====== Source records ======
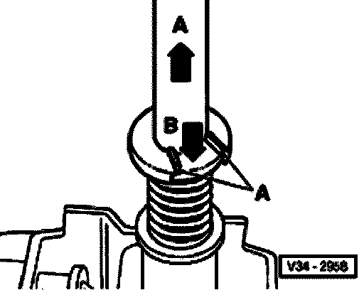 - Pull shift lever in arrow direction -A- and at same time push down spacer bushing onto stop with a screwdriver in arrow direction -B-.
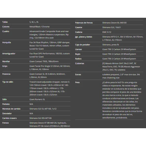 Llantas: [F] Maxxis Minion Dhf 29X2.5 Wt, 3C Maxxterra, Exo, Tr [R] Maxxis Aggressor 29X2.5, Exo, Tr, Tubeless.
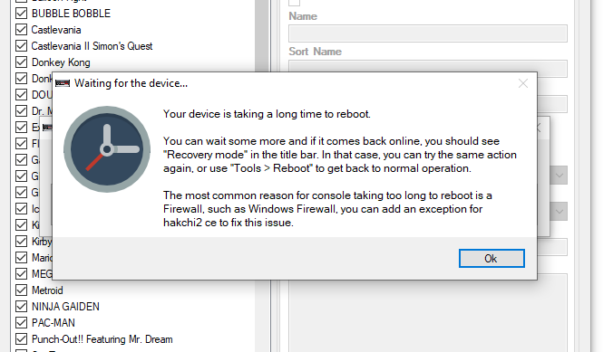 Ya después, si todo ha ido bien, le vuelves a instalar el Hakchi, aunque eso si, te recomiendo que como mucho instales la versión Hackchi CE 3.5.3, ya que la 3.6.0 da problemas, y la Hackchi 3.7.0 mayormente solo trae novedades para la mega drive mini.
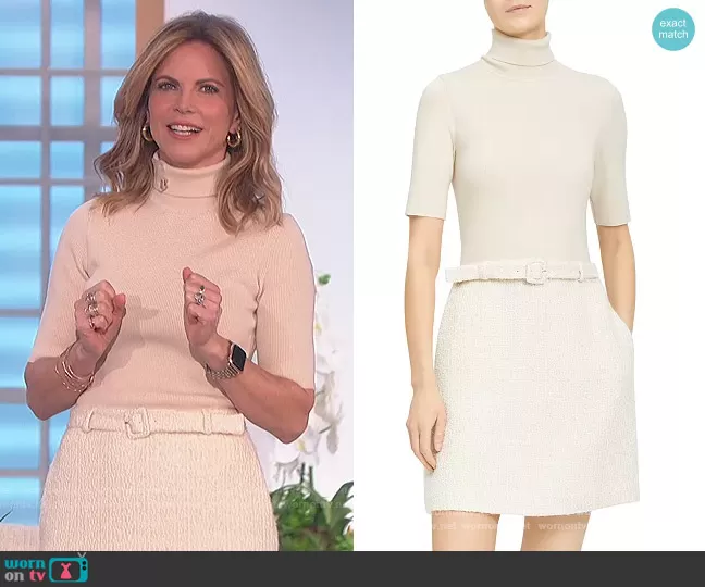 Natalie Morales on The Talk on CBS was spotted wearing this beige belted turtleneck dress on The Talk on Mar 10 2022's episode. Natalie's Dress is the Knit Combo Dress in Tweed by Theory.
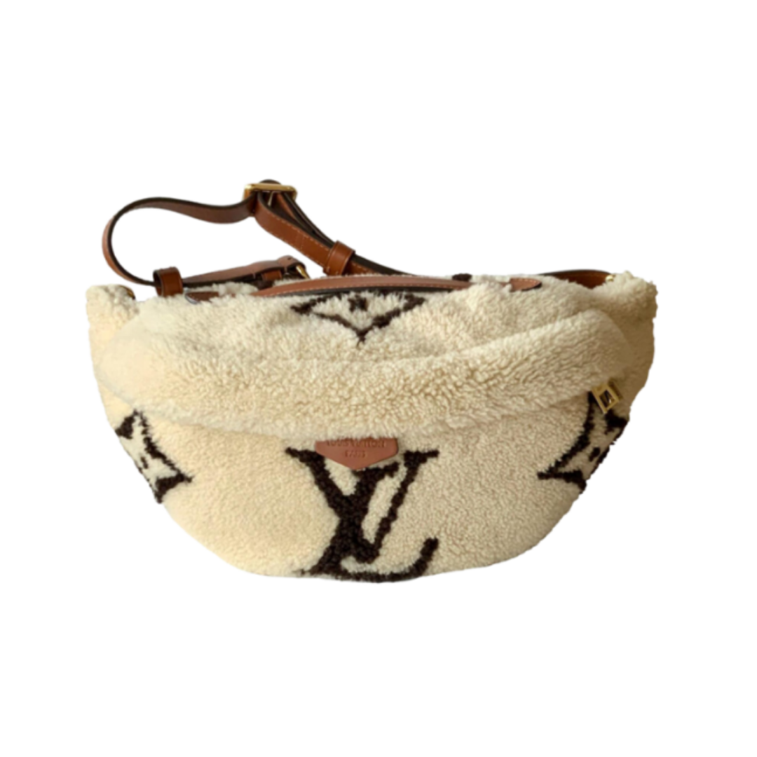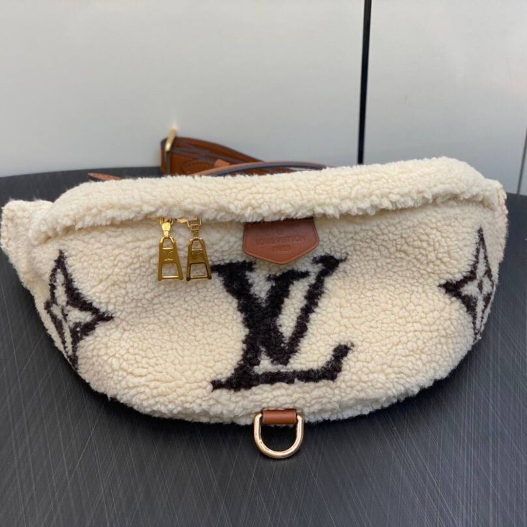 Borsa in pelliccia Louis Vuitton bianca e marrone 37 cm
======
**What to work on**. The task calls for every record to be transcribed exactly, with no images included.

**Written reply**.
 - Pull shift lever in arrow direction -A- and at same time push down spacer bushing onto stop with a screwdriver in arrow direction -B-.
 Llantas: [F] Maxxis Minion Dhf 29X2.5 Wt, 3C Maxxterra, Exo, Tr [R] Maxxis Aggressor 29X2.5, Exo, Tr, Tubeless.
 Ya después, si todo ha ido bien, le vuelves a instalar el Hakchi, aunque eso si, te recomiendo que como mucho instales la versión Hackchi CE 3.5.3, ya que la 3.6.0 da problemas, y la Hackchi 3.7.0 mayormente solo trae novedades para la mega drive mini.
 Natalie Morales on The Talk on CBS was spotted wearing this beige belted turtleneck dress on The Talk on Mar 10 2022's episode. Natalie's Dress is the Knit Combo Dress in Tweed by Theory.
 Borsa in pelliccia Louis Vuitton bianca e marrone 37 cm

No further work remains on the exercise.